Malgré un certain laxisme législatif, quelques donneurs d’ouvrage n’hésitent pas à doter leurs chantiers de DEA. Cette initiative peut ainsi transformer une situation problématique en un dénouement heureux, comme peut en témoigner Frédéric Girard, contremaitre pour le consortium Signature sur le Saint-Laurent affecté au chantier du nouveau pont Champlain. L’homme s’est récemment retrouvé devant une situation d’urgence nécessitant l’utilisation d’un défibrillateur externe automatisé. Son intervention a permis de sauver la vie d’un collègue de travail.

 

« Ça s’est passé au début du mois d’avril 2018. J’ai eu un appel sur les ondes de la radio concernant un opérateur qui venait de faire une chute, explique le travailleur. Arrivé sur les lieux, j’ai pratiqué les manoeuvres afin de vérifier le degré de conscience, pour rapidement réaliser qu’il n’avait plus de pouls. J’ai tout de suite appelé les secours et j’ai demandé à ce qu’on apporte la trousse médicale et le défibrillateur d’urgence pendant que j’amorçais les manoeuvres de RCR. Une fois le DEA arrivé, il a suffi de suivre les indications. Lorsque les premiers répondants sont arrivés sur les lieux, ils ont pris le relais et ont pu le conduire jusqu’à l’hôpital. »

 

Sans l’intervention de Frédéric Girard, l’incident aurait pu prendre une tournure des plus dramatiques. C’est l’accès à un défibrillateur externe automatisé et la mise à jour de sa formation de secouriste suivie quelques mois auparavant qui ont rendu possible ce geste héroïque.

 

À la suite du retour du travailleur, deux mois après l’évènement, l’entreprise a mis l’accent sur l’importance d’avoir un appareil DEA à portée de main. Elle s’est également fait un devoir de se procurer plusieurs appareils et de les placer de façon stratégique sur le chantier.

 

User d’ingéniosité pour fournir un DEA

François Charette est agent de prévention en santé et sécurité chez Ledcor Brunet LP et travaille sur le chantier Zibi, à Gatineau. M. Charette a décidé de s’impliquer pour une bonne cause dans sa région.
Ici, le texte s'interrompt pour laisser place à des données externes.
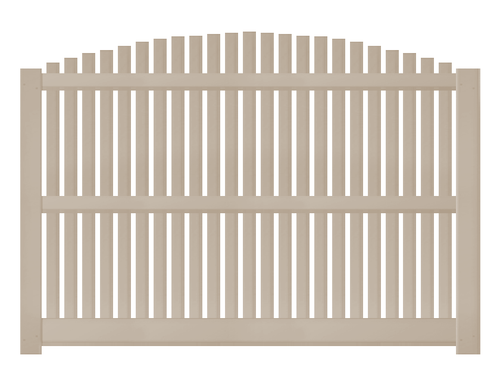 A 6' overscallop vinyl picket fence provides the same functionality as a standard vinyl picket fence, with the added touch that only a scallop could provide. Each picket is cut to the correct height in order to ensure a seamless grade above the top rails.

Durant une année, il a ramassé des canettes de boisson gazeuse vides et du vieux métal sur le chantier afin de récolter des sous pour un organisme qui vient en aide aux gens dans le besoin. « À la fin de l’année, j’ai pu remettre la somme de 15 000 dollars à Moisson Outaouais », explique-t-il. Afin de remercier les travailleurs du chantier qui l’ont aidé dans son oeuvre caritative, il a organisé un diner de groupe et a pigé dans ses poches pour offrir un défibrillateur externe automatisé à ses collègues.

 

François Charrette, agent de prévention en santé et sécurité sur le chantier Zibi. Photo de Jean-François Caouette

 

Constatant le geste de son employé, le patron de François Charette a emboité le pas et a décidé de rembourser les couts du DEA. Il faut savoir qu’au cours de sa carrière, M. Charette a déjà été témoin de trois situations où la présence d’un DEA aurait assurément amélioré les chances de sauver la vie d’une personne sur un chantier. Grâce à cette initiative, les employés disposent maintenant d’un outil précieux leur permettant d’intervenir rapidement.

 

CAOUETTE FACTEURS DE RISQUE RÉPERTORIÉS PAR LA CNESST

    La proximité ou non de services préhospitaliers d’urgence dans un rayon de 30 minutes;

    Plus de 50 travailleurs dans un même lieu de travail;

    Une moyenne d’âge de plus de 50 ans chez les travailleurs;

    Un travail qui exige des efforts physiques importants comme pour des charges lourdes ou des activités physiques soutenues;

    Une santé fragilisée chez certains travailleurs (personnes ayant des antécédents cardiaques, diabète, obésité, tabagisme);

    Environnement de travail (immeubles multiples, circulation dense, vaste emplacement, restriction de passage, travaux effectués près d’un réseau électrique ou à proximité de l’eau);

    Contraintes thermiques (humidité, froid ou chaleur excessive).

 


Cet article est tiré du Supplément thématique – Santé et sécurité 2018. Pour un accès privilégié à l’ensemble des contenus et avant-projets publiés par Constructo, abonnez-vous !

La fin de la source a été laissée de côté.